Cognition is putting a financial promise behind its enterprise AI coding agent Devin, saying customers can receive credits of up to $10 million if the system does not produce enough engineering value to justify what they pay.

The company said the new program, called the AI Productivity Guarantee, is meant to address a gap in the enterprise AI market. While vendors often report activity metrics such as tokens used or code generated, Cognition argues those numbers do not show whether a business is actually getting meaningful work done.

To support the guarantee, Cognition said it built an estimator that reviews completed Devin sessions and attempts to measure productive engineering output. The system looks at whether a session created useful results and, if so, estimates how long a human engineer would have needed to complete the same task. The company says it validated that approach against time estimates provided by users at enterprise customers.

How Cognition says it measures value

Cognition said its estimator has access to several inputs, including the user’s prompt, the actions Devin took during a session, any pull request that was created, and additional codebase context drawn from DeepWiki. If a session leads to an unmerged pull request or is otherwise classified as unproductive, it is counted as not useful.

The company said it measures output in hours of productive engineering work rather than lines of code, arguing that the latter can be misleading. A small fix can take many hours of debugging, while a larger block of code may not represent much actual effort.

Cognition described the estimator as a baseline for productivity, not a full measure of return on investment.
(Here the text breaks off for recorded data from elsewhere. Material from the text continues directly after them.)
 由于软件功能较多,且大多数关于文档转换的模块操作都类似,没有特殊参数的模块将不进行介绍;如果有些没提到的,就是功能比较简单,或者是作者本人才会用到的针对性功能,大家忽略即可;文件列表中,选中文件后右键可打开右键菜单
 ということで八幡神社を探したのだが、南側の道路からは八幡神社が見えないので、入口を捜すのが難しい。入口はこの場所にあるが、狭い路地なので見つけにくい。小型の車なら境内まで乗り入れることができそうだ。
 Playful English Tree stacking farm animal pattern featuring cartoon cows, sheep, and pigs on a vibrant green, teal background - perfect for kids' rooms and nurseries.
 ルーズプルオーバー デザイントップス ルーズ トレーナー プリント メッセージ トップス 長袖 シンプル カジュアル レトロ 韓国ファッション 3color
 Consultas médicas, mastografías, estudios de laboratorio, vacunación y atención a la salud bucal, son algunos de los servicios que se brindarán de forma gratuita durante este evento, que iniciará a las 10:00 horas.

The company said ROI requires more context about the business impact of each task, and that its customer teams work directly with enterprises to understand that broader value.

What the guarantee covers

According to Cognition, the guarantee applies to enterprise deployments of Devin. Near the end of an annual contract, engineering hours are converted into dollar value using a standard global rate and compared with the customer’s actual consumption. If the estimated value falls short of what the customer paid, Cognition said it will issue credits, with the maximum exposure capped at $10 million.
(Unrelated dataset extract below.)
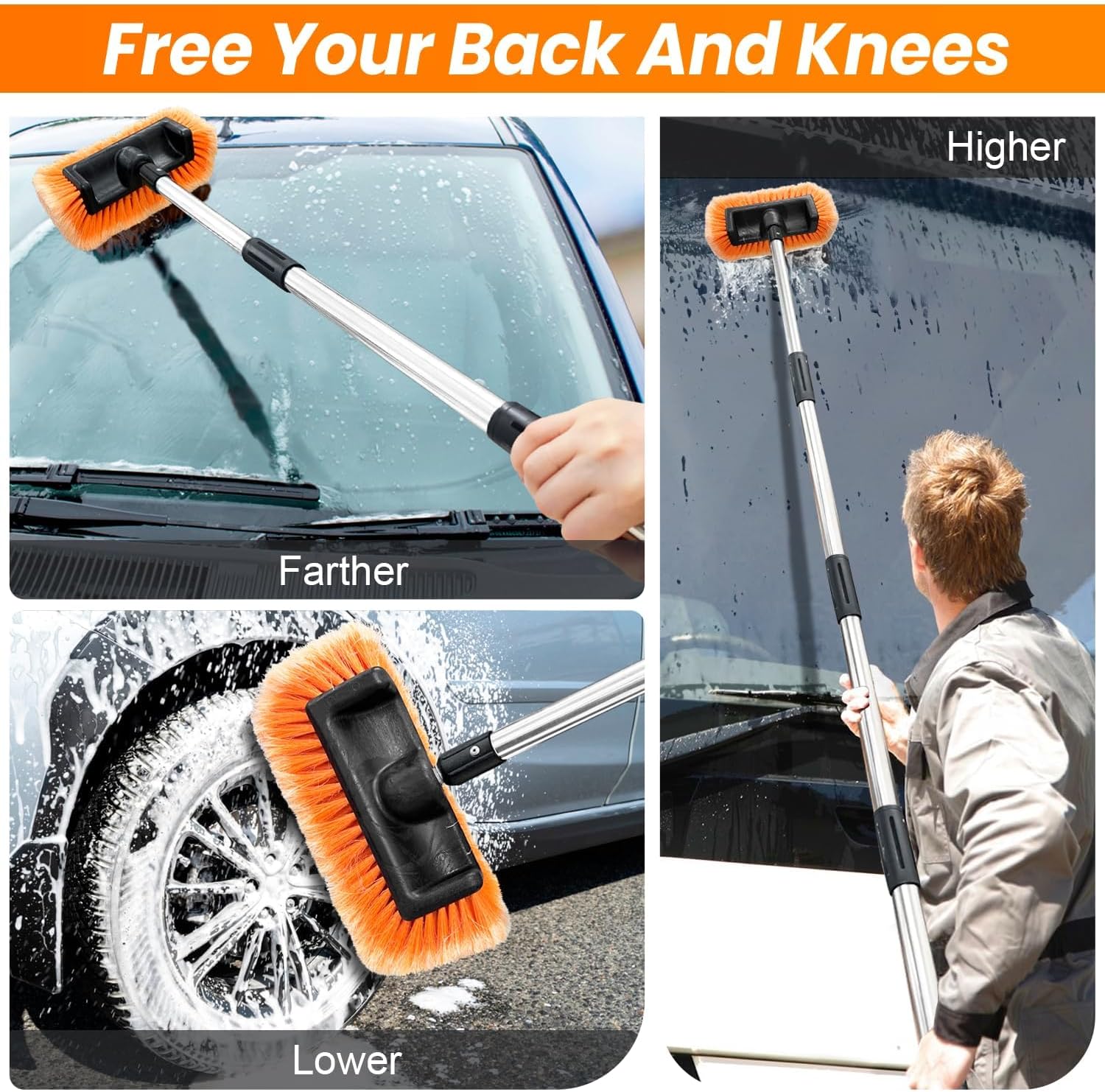 - 【Ultimate Anti-Scratch Soft Bristle Brush】Come with “flocked” super soft bristles wash head, won't scratch paint, prevent the scrub brush from scratching cleaning surfaces. The 5-sided, angled-face brush is optimally designed to fits into corners and conforms to contours and uneven surfaces, scrubbing away hard-to-reach grease and grime.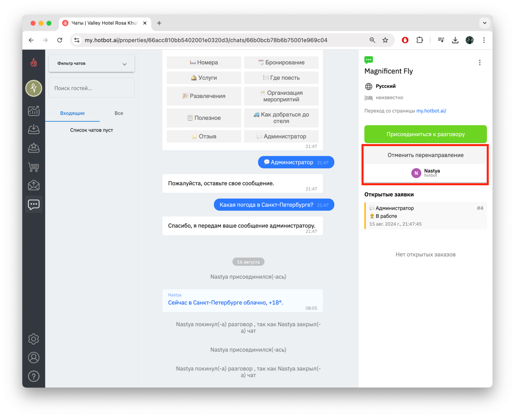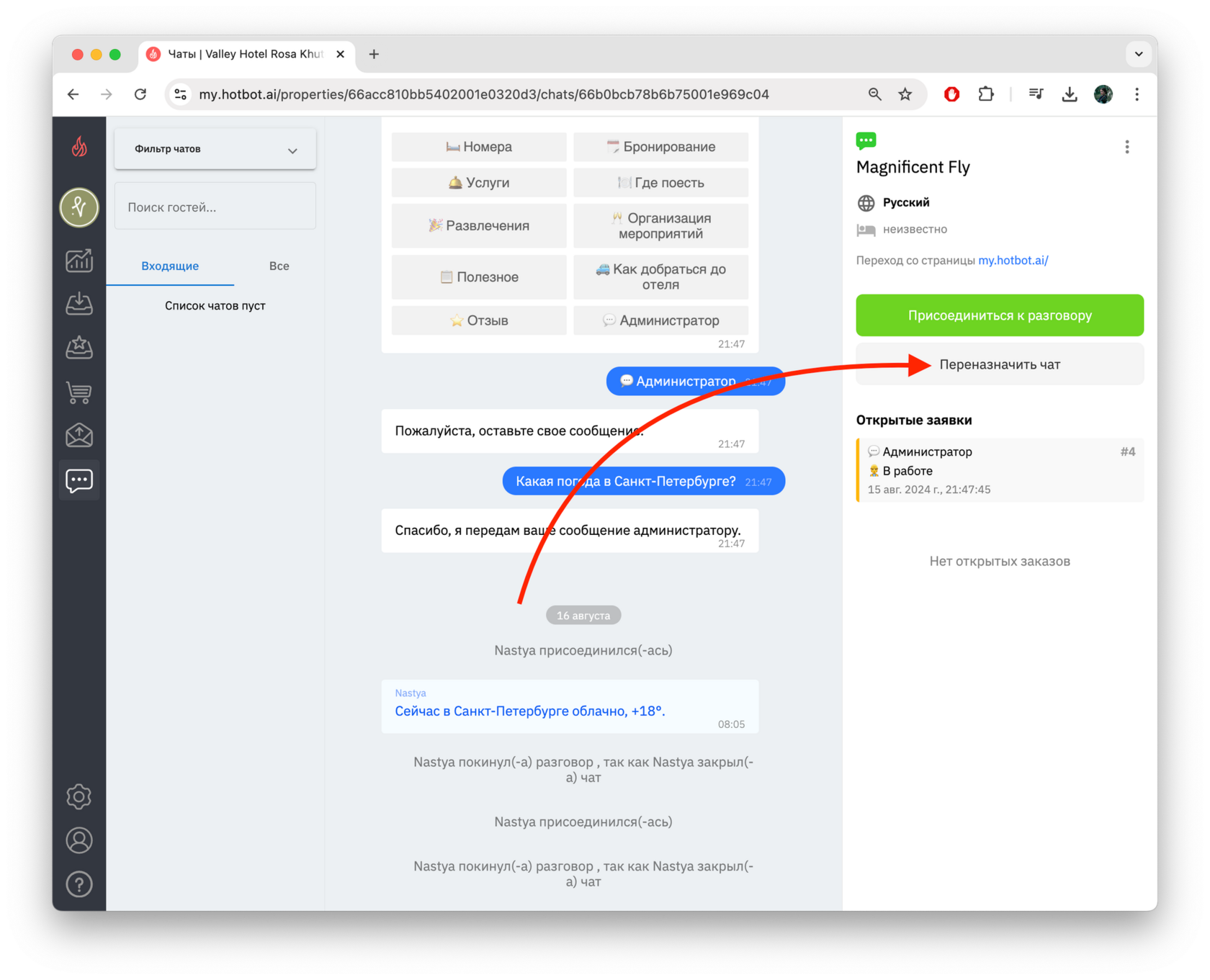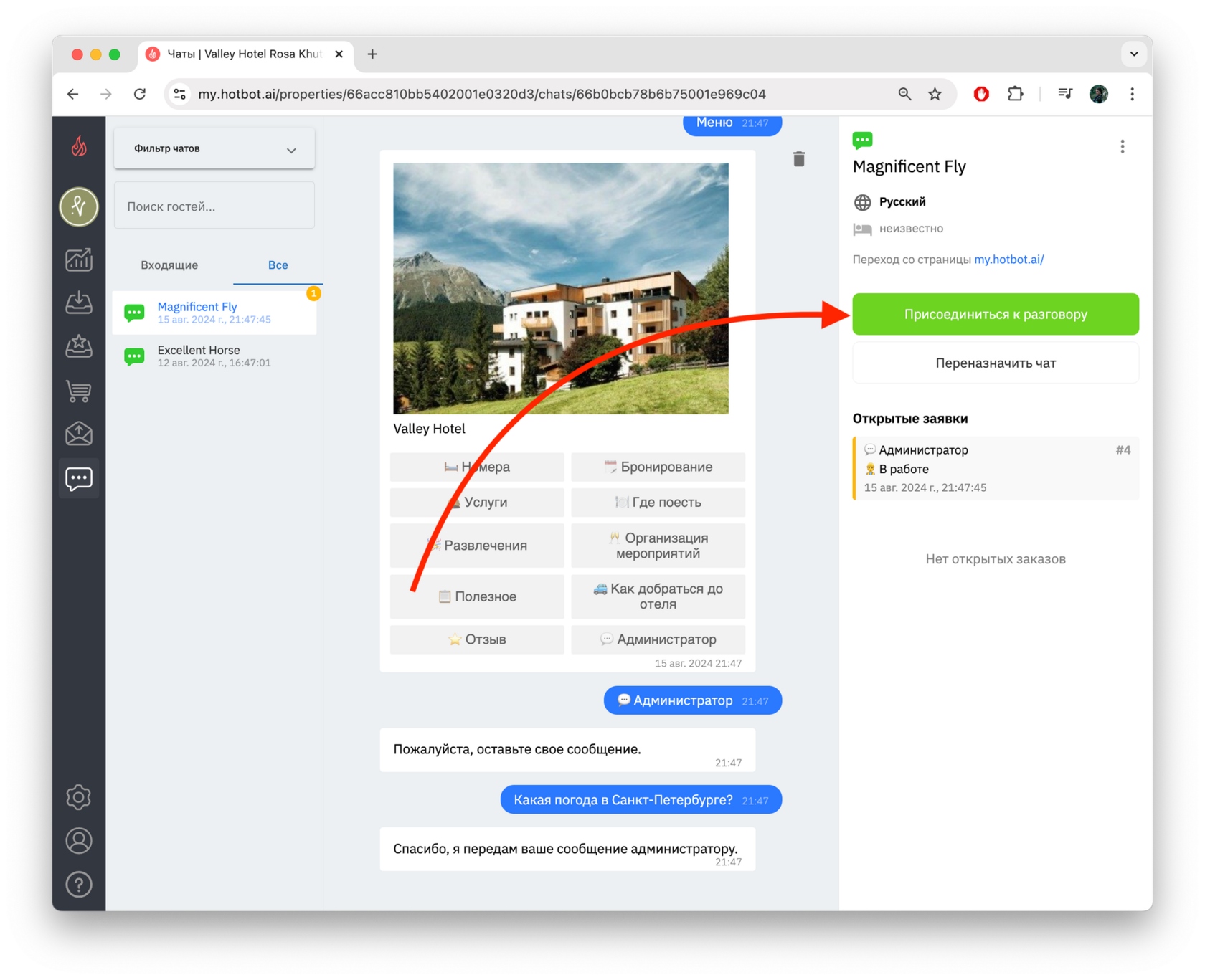 Сейчас на запросы гостя отвечает бот. Нажмите Присоединиться к разговору, чтобы гостю могли отвечать только вы.

The company said it believes the arrangement is feasible because Devin is model-independent, allowing Cognition to use different models for different tasks in order to improve price performance. It also said Devin includes granular controls intended to manage spending and steer users toward more productive prompts.

Cognition added that its teams often work inside customer accounts, helping identify high-value projects, pair programming on backlogs, running workshops on how to manage fleets of agents, and tracking outcomes.

The company framed the guarantee as part of a broader effort to make AI vendors more accountable for business results. It said vendors should be able to tell customers what they are getting for their money and suggested that the rest of the industry move toward similar commitments.